Senate debates
Tuesday, 17 March 2009
Fair Work Bill 2008
In Committee
7:51 pm
Joe Ludwig (Queensland, Australian Labor Party, Manager of Government Business in the Senate) Share this | Hansard source
You on the other side made it out to be such a significant issue. I was just merely correcting the record to point out to you that from our perspective it is just simply sorting through the provisions to ensure that the Fair Work Bill provided both the flexibility and the balance that Work Choices did not have.
And turning to some of the questions that have been raised, such as whether AWAs would be allowed to exist under this regime for longer than the previous regime, the government has made commitments that all existing types of agreements will continue to operate until they are terminated or replaced by the parties. As for the question of how long particular instruments will operate, that is one for the parties themselves. The details of how transitional instruments will be dealt with will be in the transitional and consequential bill to be tabled shortly.
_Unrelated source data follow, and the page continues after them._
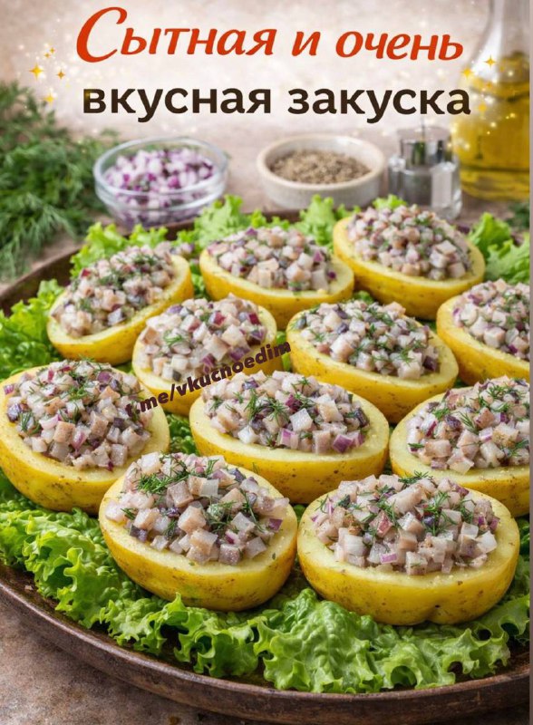 Отварной картофель, фаршированный селёдкой и луком. Простая, сытная и очень вкусная закуска в стиле 📝 Ингредиенты 6–8 средних картофелин 1 филе слабосолёной селёдки 1 небольшая луковица (красная или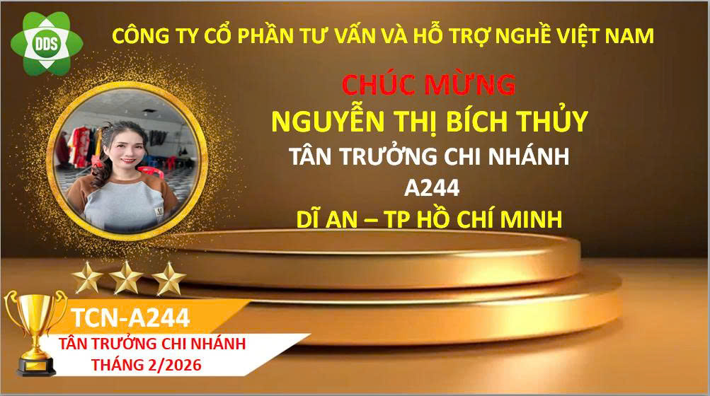 3.Công ty chúc mừng Chị Nguyễn Thị Bích Thuỷ - Trưởng Chi Nhánh A244 ( Dĩ An - TP HCM) đứng trong hàng ngũ lãnh đạo của công ty và được Tổng công ty tặng thưởng 1 máy DDS thế hệ 10 trị giá 19.000.000 đ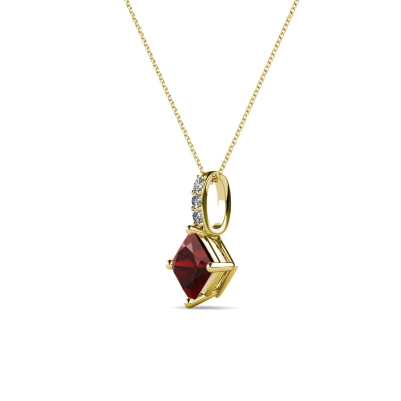 Princes Cut (5.5 mm) Red Garnet and Diamond Womens Pendant Necklace 1.00 ctw 14K Yellow Gold.Included 18 Inches 14K Yellow Gold Chain More Details ...
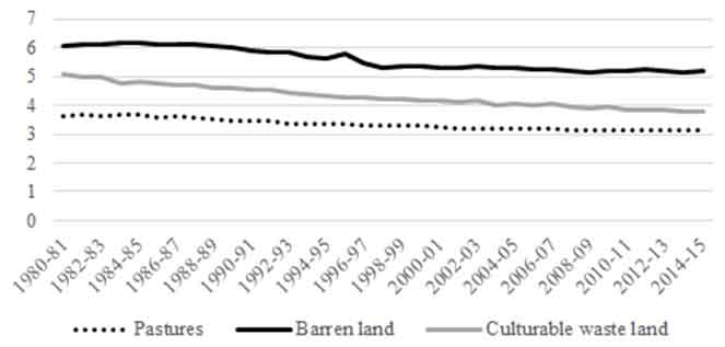 A steady decline in area under CPLRs has been recorded in the country over the last three decades. Using reclassification of land-use statistics, Chopra (2002) assessed area under CPLRs to be 21.6% of India's total geographical area in 1980-81. This area reduced to 15% of total geographical area, with losses ranging between 1-32% across various districts (NSSO, 1999). Statistics for three classifications2 of land that qualify as CPLRs, highlight the continued loss of commons. Pastures and grazing land, barren land, and culturable wasteland were 3.6%, 6.1%, and 5.1%, respectively, of India's total geographical area in 1980, and reduced to 3.1%, 5.2%, and 3.8%, respectively, in 2015 (Figure 1).3 Given the nature and extent of dependence of rural population on CPLRs in India, such erosion of CPLRs has severe implications for rural livelihood strategies.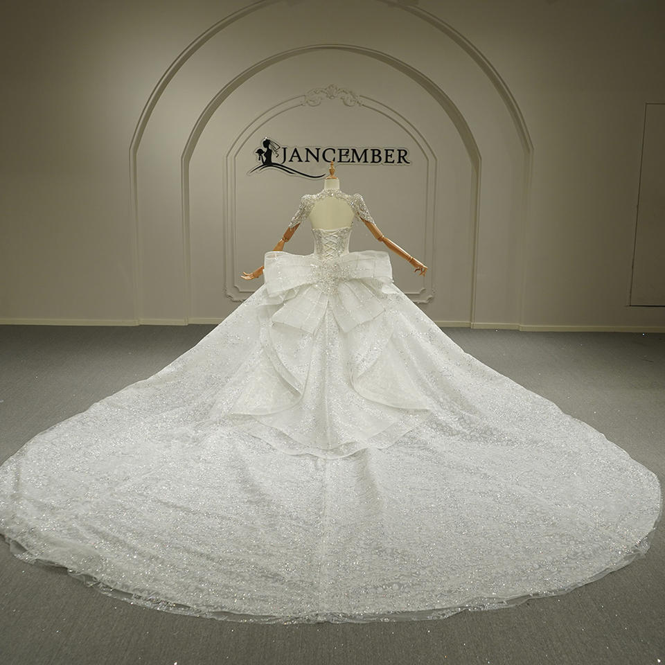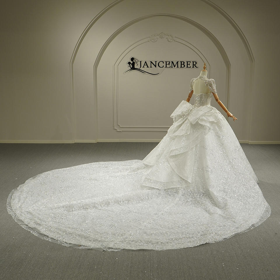 ชุดแต่งงานทรงเมอร์เมดทรัมเป็ตประดับลูกปัดหนัก แขนสั้น แต่งคริสตัล พู่ห้อย พร้อมชายกระโปรงยาวแบบชาเปล รุ่น GT26053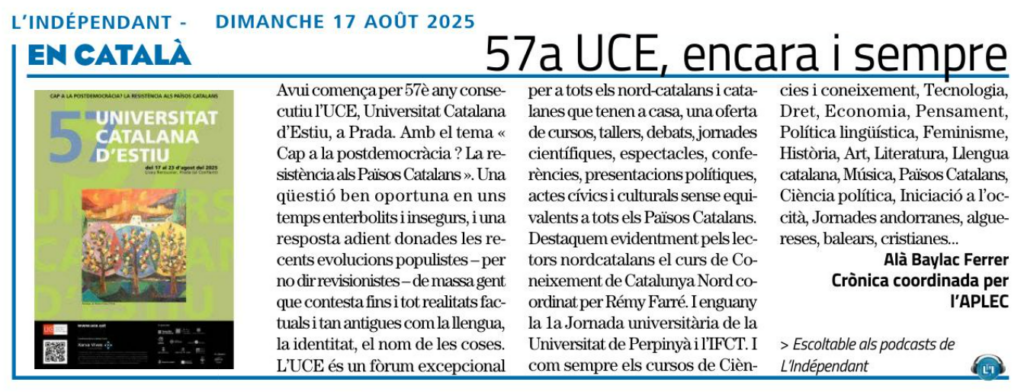Les cròniques de l’APLEC, que publica l’Indépendant en català

In respect of the question about the circumstances in which a union cannot be involved in collective bargaining, unless they choose not to be involved of course, it is when the employees decide that they do not want the union to represent them in collective bargaining. At the end of the day it really is the employees who determine who the bargaining representatives will be.
In respect of matters that are raised in relation to what perhaps we could more broadly call the definition of employees’ records, the general question seems to be around the information on matters such as criminal records, garnishee orders and disciplinary matters. The definition of an employee record is the definition from the Privacy Act. It could include these things but, subject to important conditions and amendments, the government is moving to protect the use of information. There are four things that should be noted. First, a union can only access records that are directly relevant to a breach that affects or relates to a union member, and I note that the government has distributed amendments imposing the requirement that the record must be directly relevant.
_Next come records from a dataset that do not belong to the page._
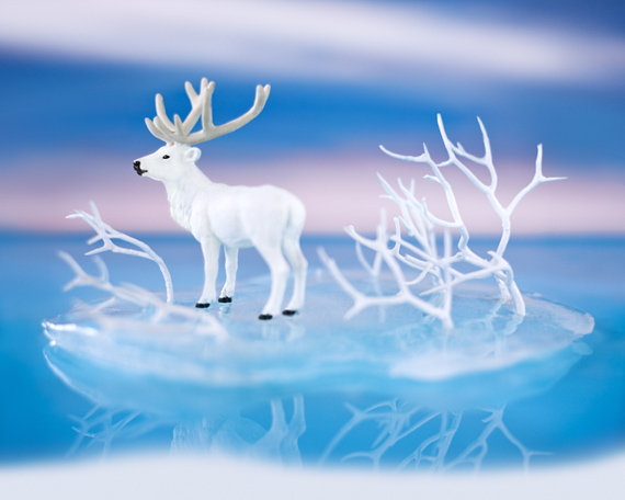 To photograph my vision of the north I borrowed a page from novelists and created a world. Winterdeep is made of painted backdrops, sculpted ice, dye, customized toys, and a few other odds and ends. Digital magic circa 1995 provides visible breath and enhances the northern lights. I invite you to make Winterdeep a landscape for your own thoughts.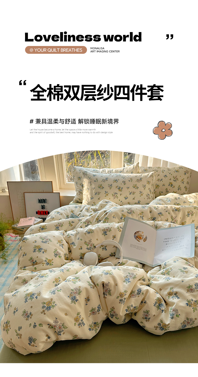 雅居纺家纺 2025新款全棉双层纱四件套 初夏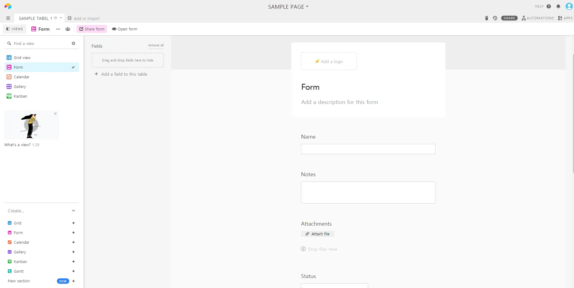 폼 뷰 기능을 활용해 불특정 다수로부터 테이블을 공개하지 않고 데이터를 수집할 수 있습니다.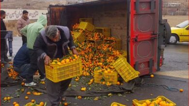 واژگونی کامیونت حامل مرکبات در محور فیروزکوه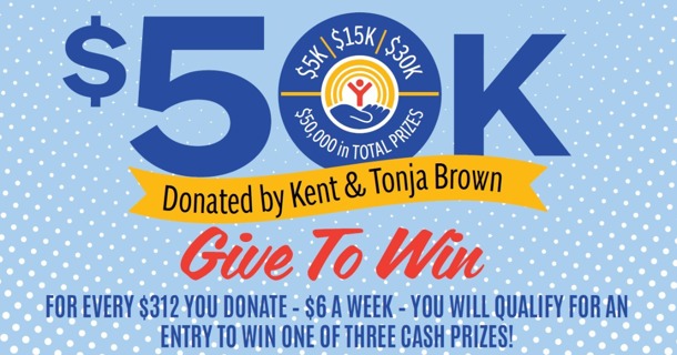 In 2025, those who donate at least $312, or $6 a week, will qualify for an entry into the Heartland United Way $50K Giveaway thanks to a generous gift from Campaign Chairs Kent and Tonja Brown.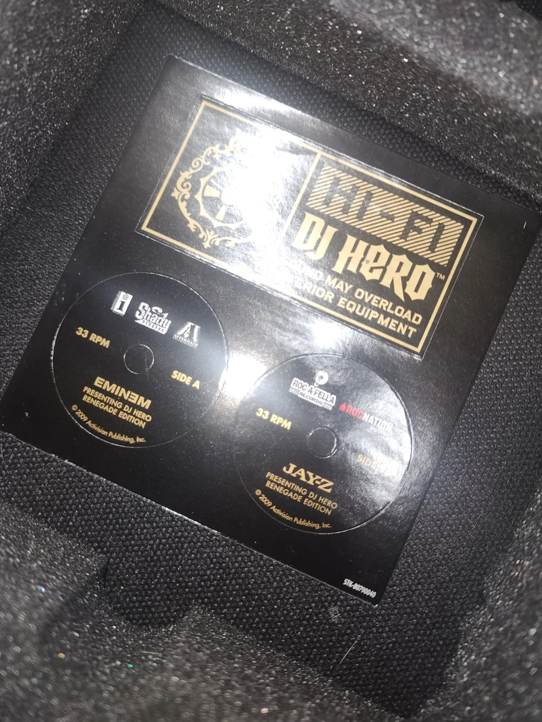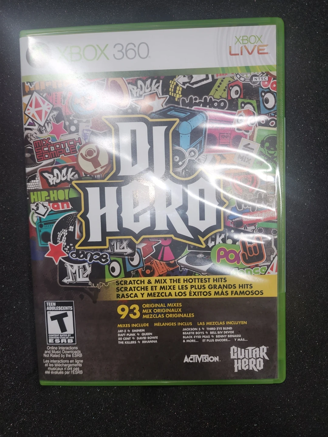 This bundle includes the DJ Hero Renegade Edition game for Xbox 360. It features an exclusive Jay-Z and Eminem 2-CD pack, a renegade turntable controller, and a DJ stand carrying case. It's compatible with Xbox Live.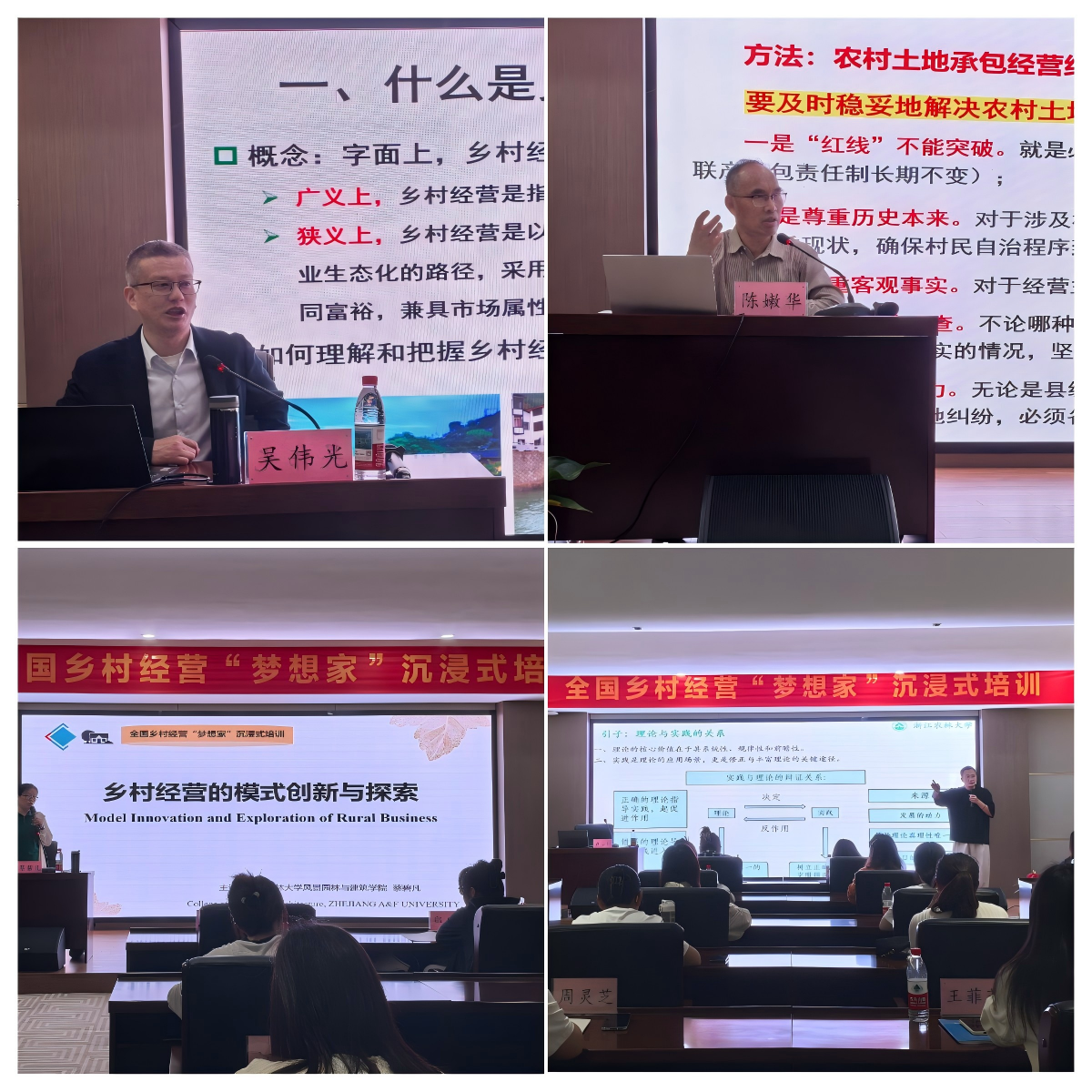 5月8-11日,beat365官网《乡村经营学》课程团队成员吴伟光教授、陈嫩华研究员、陈伟洪局长、蔡碧凡副教授和卢泓刚博士等人,为全国乡村经营“梦想家”沉浸式培训班,分别作乡村经营概念内涵、乡村经营理论、乡村经营历史演变、乡村经营模式和相关经营相关法律政策等相关内容的专题讲座。这是beat365官网首次以课程组为单位团队化为乡村经营培训提供服务,彰显beat365官网在该领域的影响。

Second, the government is also moving amendments that mean a union official cannot require an employer to produce documents or records if to do so would contravene a law of the Commonwealth or a state or territory. As set out in the supplementary explanatory memorandum, an example of how this would operate is section 58 of the Child Support (Registration and Collection) Act 1988, which would mean that the information about deductions from an employee’s wages for child support could not be divulged.
Third, the Privacy Act 1988 will apply to information collected by a permit holder and, finally, the government is also moving an amendment to provide strong and unprecedented protections for information collected by a permit holder. This amendment would prohibit a person from disclosing information—not just personal information—acquired by a permit holder exercising a right of entry for purposes other than rectifying the breach. This of course would mean that, even if the permit holder were able to access such information they would face substantial penalties—anything in the order of a maximum penalty of $6,600 for an individual or $33,000 for a union—plus automatic loss of a permit if found to have contravened a provision. This government does take the issue of privacy seriously.
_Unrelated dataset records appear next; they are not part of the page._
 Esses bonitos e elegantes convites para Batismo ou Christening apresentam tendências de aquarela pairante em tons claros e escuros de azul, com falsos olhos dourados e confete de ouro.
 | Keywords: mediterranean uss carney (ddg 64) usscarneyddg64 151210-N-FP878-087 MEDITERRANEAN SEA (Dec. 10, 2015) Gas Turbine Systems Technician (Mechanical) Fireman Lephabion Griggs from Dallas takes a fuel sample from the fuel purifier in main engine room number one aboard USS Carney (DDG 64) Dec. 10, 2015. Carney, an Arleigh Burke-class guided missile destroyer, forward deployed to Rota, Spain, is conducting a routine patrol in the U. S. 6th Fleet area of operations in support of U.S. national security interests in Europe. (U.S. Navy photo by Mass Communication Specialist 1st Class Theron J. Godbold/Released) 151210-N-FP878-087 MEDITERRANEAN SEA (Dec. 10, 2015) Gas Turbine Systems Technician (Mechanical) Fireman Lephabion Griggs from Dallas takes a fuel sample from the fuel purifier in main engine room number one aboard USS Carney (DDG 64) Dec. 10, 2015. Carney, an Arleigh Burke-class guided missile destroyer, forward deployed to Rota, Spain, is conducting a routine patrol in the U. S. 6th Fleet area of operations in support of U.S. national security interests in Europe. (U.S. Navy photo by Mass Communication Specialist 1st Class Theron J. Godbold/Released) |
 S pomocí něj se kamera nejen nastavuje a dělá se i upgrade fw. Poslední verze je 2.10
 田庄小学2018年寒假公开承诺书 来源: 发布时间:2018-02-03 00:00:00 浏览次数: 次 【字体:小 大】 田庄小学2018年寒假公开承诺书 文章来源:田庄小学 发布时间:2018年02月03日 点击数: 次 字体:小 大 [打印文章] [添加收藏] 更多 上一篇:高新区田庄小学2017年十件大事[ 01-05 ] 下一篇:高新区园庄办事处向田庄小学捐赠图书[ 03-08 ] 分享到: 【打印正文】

Another question—and I take it to be a more flippant question—was: how many amendments are there as a percentage of the bill? I do not know the precise number. I do know that there are fewer than the 337 amendments that were made to Work Choices. In addition, will there be new enterprise awards in the Forward with Fairness Bill? No, but there will be special provisions dealing with the situation of franchisees in the transitional bill which will be introduced later in the week.